Material shown:
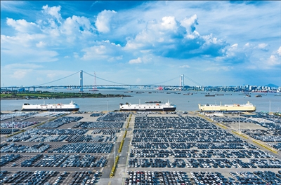6月10日,位于珠江入海口的广州港南沙汽车码头,各类汽车整齐排列,等待装船出海。
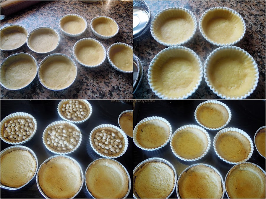 Coloca sobre cada tartaleta algo de peso para que no suba, puedes poner otro molde encima o garbanzos secos como he hecho yo.
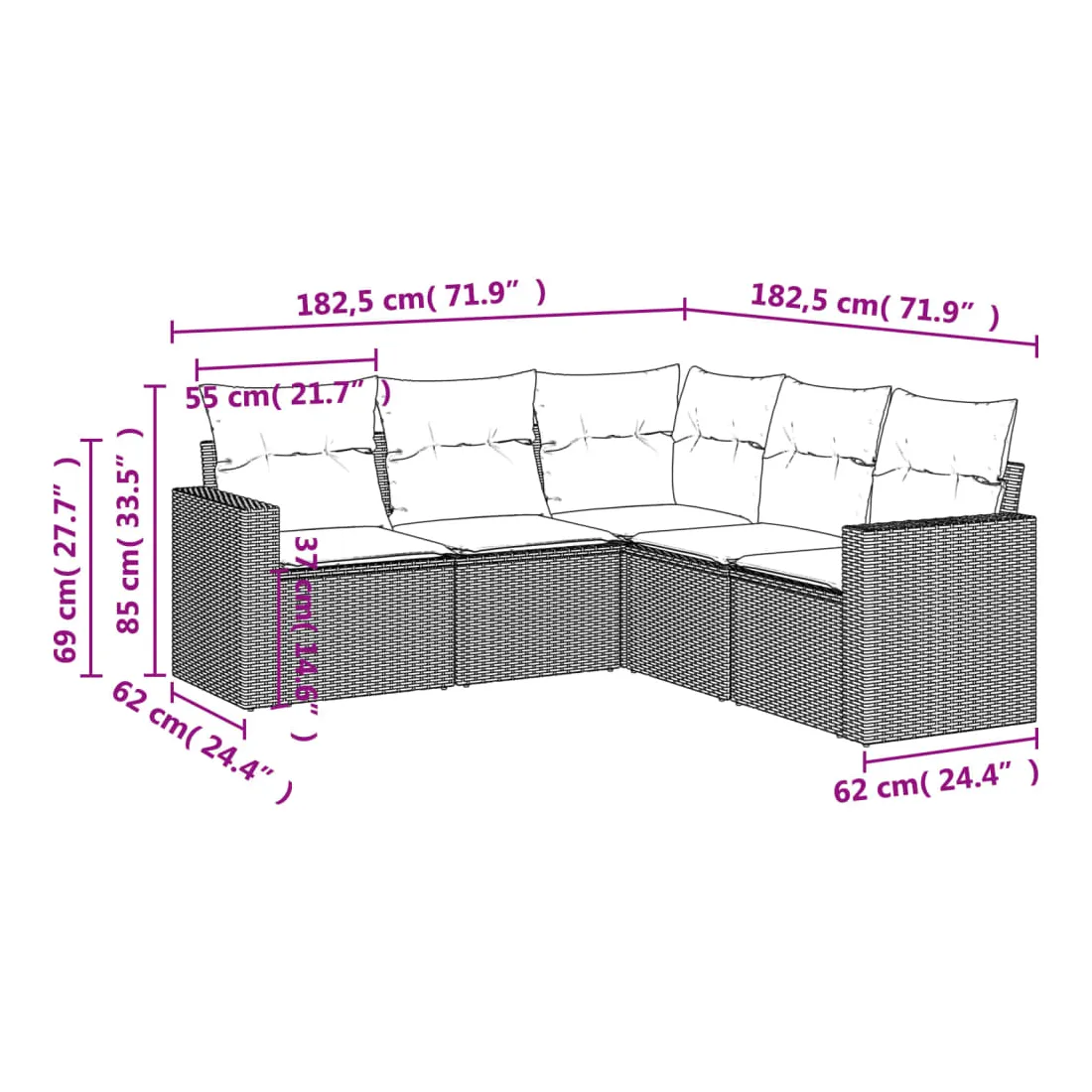 Salon de jardin avec coussins 5 pcs beige résine tressée
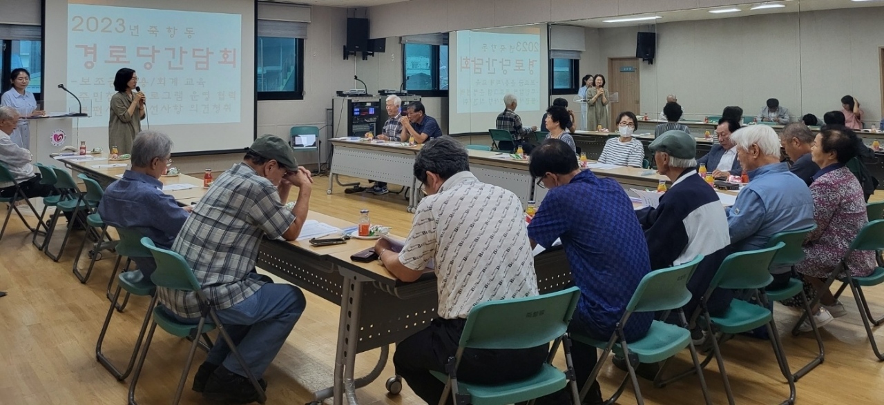 이번 간담회는 ▲경로당 보조금 운용 지침 교육 ▲주민참여형 건강프로그램 운영 ▲폭염, 태풍 대응 ▲IPTV 시정 홍보 및 스마트 교육 ▲불편 사항 및 개선사항 등 의견 청취 순으로 진행했다.
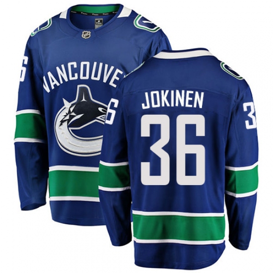 >Men's Vancouver Canucks #36 Jussi Jokinen Fanatics Branded Blue Home Breakaway NHL Jersey
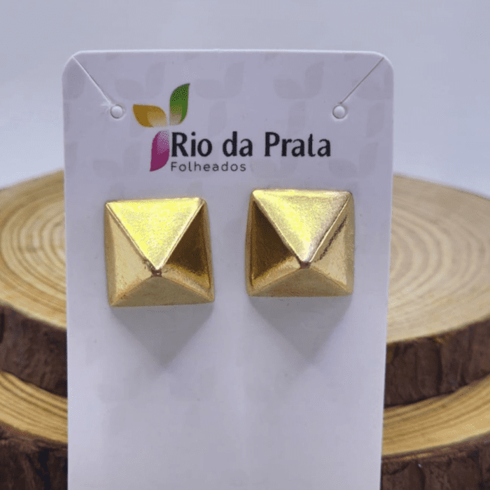 Brinco Quadrado Pirâmide – Folheado a Ouro
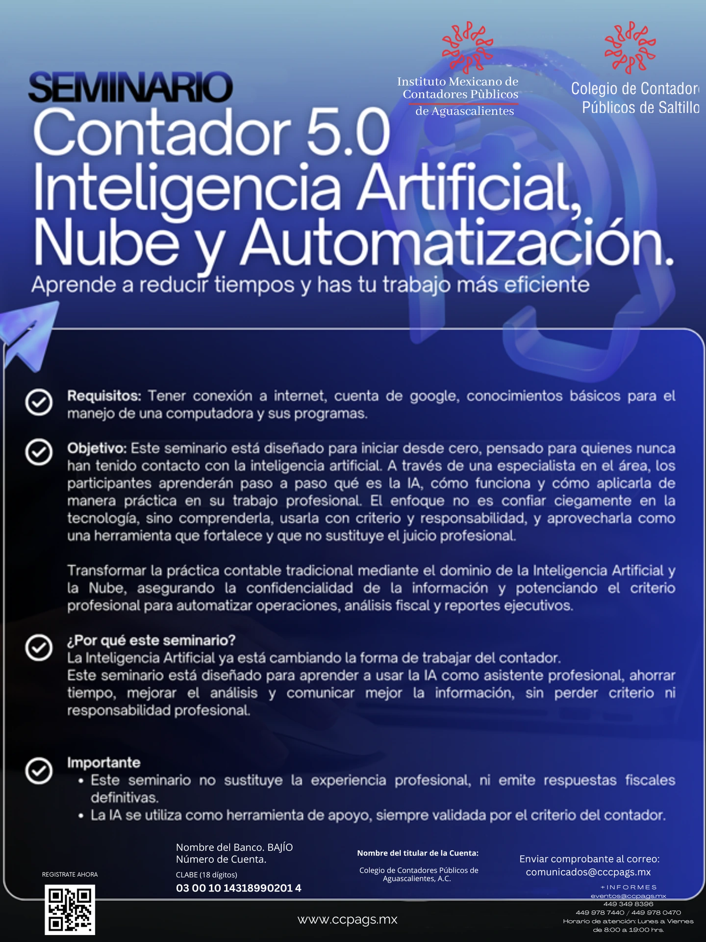 Seminario Contador 5.0 Inteligencia Artificial, Nube y Automatización (en Colaboración con el CCP de Saltillo)
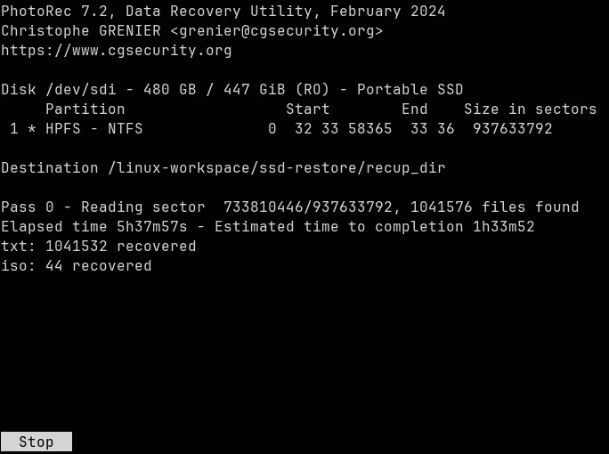 Damit ist alles vorbereitet: PhotoRec beginnt, die gewählte Partition bzw. das Laufwerk nach wiederherstellbaren Dateien zu durchsuchen. Je nach Größe und Filter kann dies einige Zeit dauern. Selbst mit nur zwei Filtern waren auf einer 500 GB großen SSD ungefähr 7 Stunden nötig. Im unteren Bereich seht ihr in Echtzeit, wie viele Dateien pro Typ bereits gerettet werden können. Generische Formate wie txt liefern sehr viele Ergebnisse, weil diese auch in Archivdateien (hier ISOs) gefunden werden.

What you are asked to do:
Leaving the pictures aside, copy exactly and only the lines from the one holding "Brinco Quadrado Pirâmide – Folheado a Ouro" through the final line of the data, both ends kept.

Reply:
 Brinco Quadrado Pirâmide – Folheado a Ouro
 Seminario Contador 5.0 Inteligencia Artificial, Nube y Automatización (en Colaboración con el CCP de Saltillo)
 Damit ist alles vorbereitet: PhotoRec beginnt, die gewählte Partition bzw. das Laufwerk nach wiederherstellbaren Dateien zu durchsuchen. Je nach Größe und Filter kann dies einige Zeit dauern. Selbst mit nur zwei Filtern waren auf einer 500 GB großen SSD ungefähr 7 Stunden nötig. Im unteren Bereich seht ihr in Echtzeit, wie viele Dateien pro Typ bereits gerettet werden können. Generische Formate wie txt liefern sehr viele Ergebnisse, weil diese auch in Archivdateien (hier ISOs) gefunden werden.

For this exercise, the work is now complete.